### [Task objective]
Please output the lines from the one with "Handgemaltes Acrylgemälde auf" through the end of the data exactly as written, omitting all pictures.

==== Entries shown ====

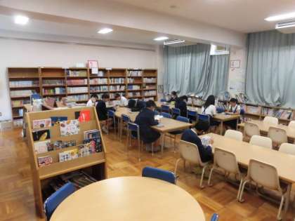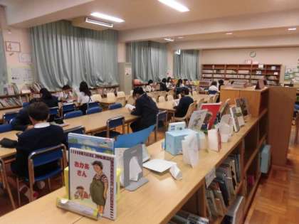 6年生が図書室へ行って、読書を行っています。シーンと静まった中で読書を行っていました。「平ちゃん読書カード」を持っていました。6年生は3000ページ読破で平野区役所から表彰されます。
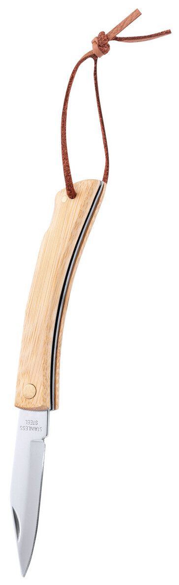 Kapesní nůž z nerezové oceli s bambusovou rukojetí a páskem z PU kůže. S bezpečnostní pojistkou.
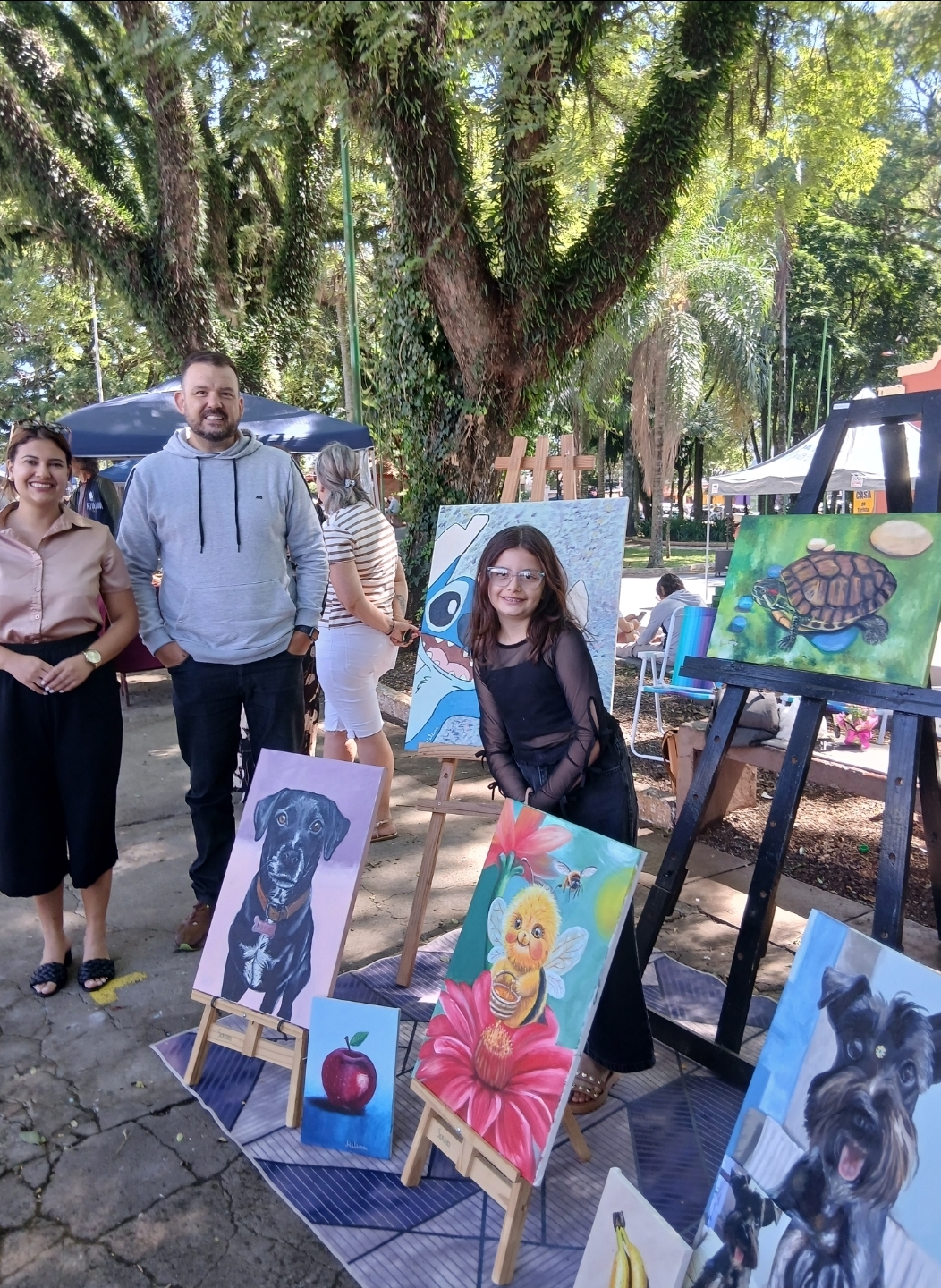 Em um espaço especial entre as bancas, a artista mirim Helena Farah chamou a atenção do público ao expor diversas telas produzidas durante aulas de pintura no ateliê do professor Luiz Machado Júnior. Cercada por familiares, amigos e visitantes, a jovem artista recebeu inúmeros elogios pelas obras apresentadas.
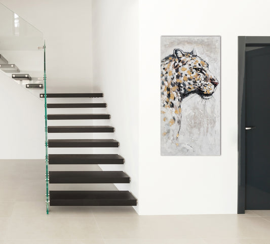 Handgemaltes Acrylgemälde auf Leinwand „Leopard mit gold“
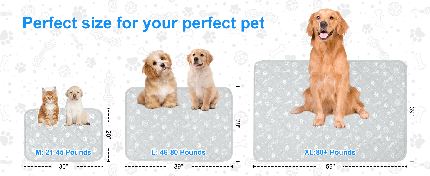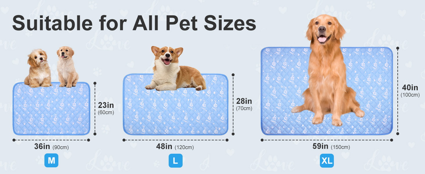 The dog cooling mat fits most pets and comes in three sizes for you to choose from (20" x 30", 28" x 39" and 39" x 59"). This is a must have cool blanket/pad for your pet in summer.
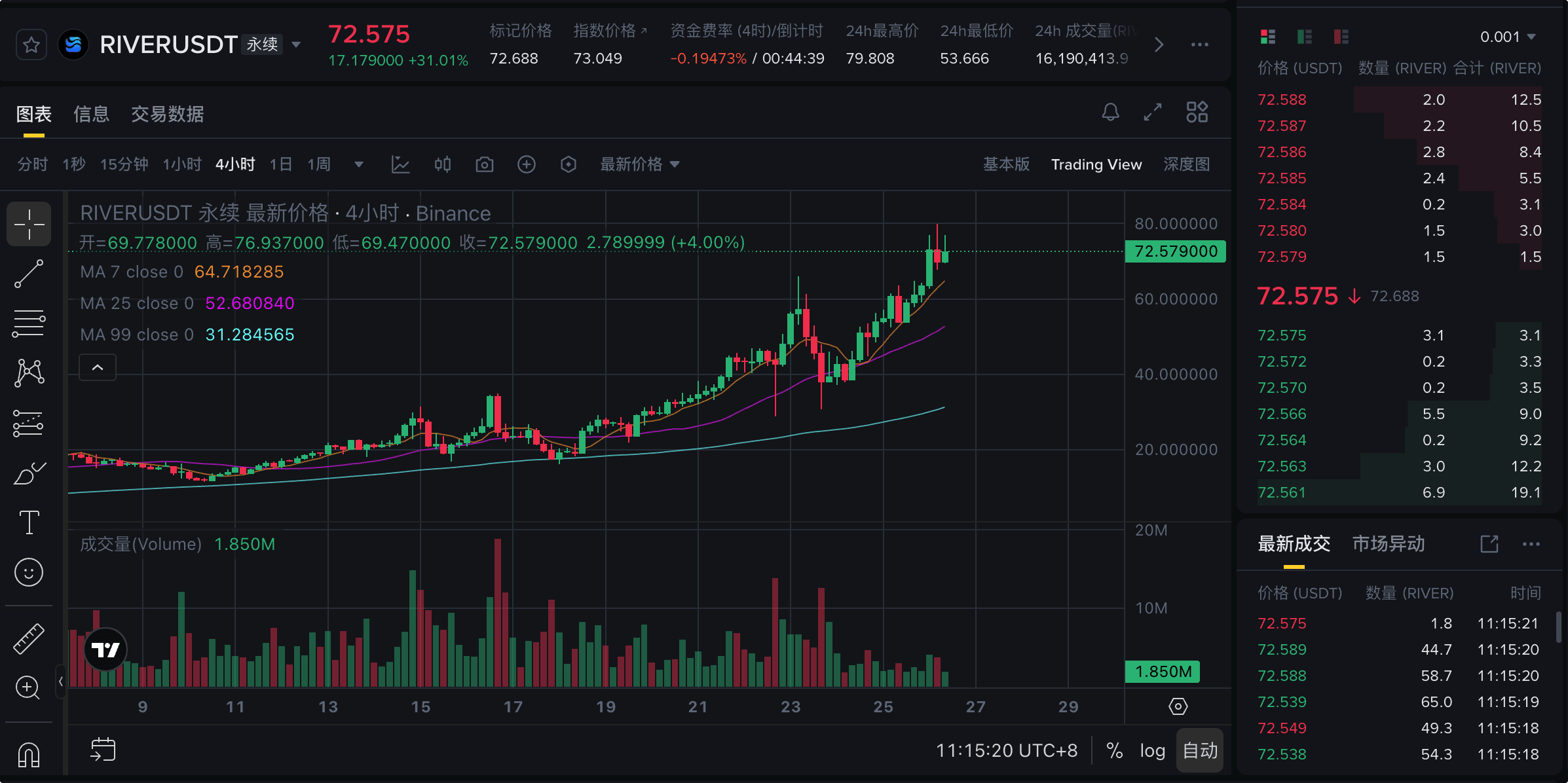 Combining the latest 4-hour candlestick chart, daily chart, and key funding rate data, here is an objective analysis of the subsequent trend of $RIVER:

====

### [Answer section]
 Handgemaltes Acrylgemälde auf Leinwand „Leopard mit gold“
 The dog cooling mat fits most pets and comes in three sizes for you to choose from (20" x 30", 28" x 39" and 39" x 59"). This is a must have cool blanket/pad for your pet in summer.
 Combining the latest 4-hour candlestick chart, daily chart, and key funding rate data, here is an objective analysis of the subsequent trend of $RIVER:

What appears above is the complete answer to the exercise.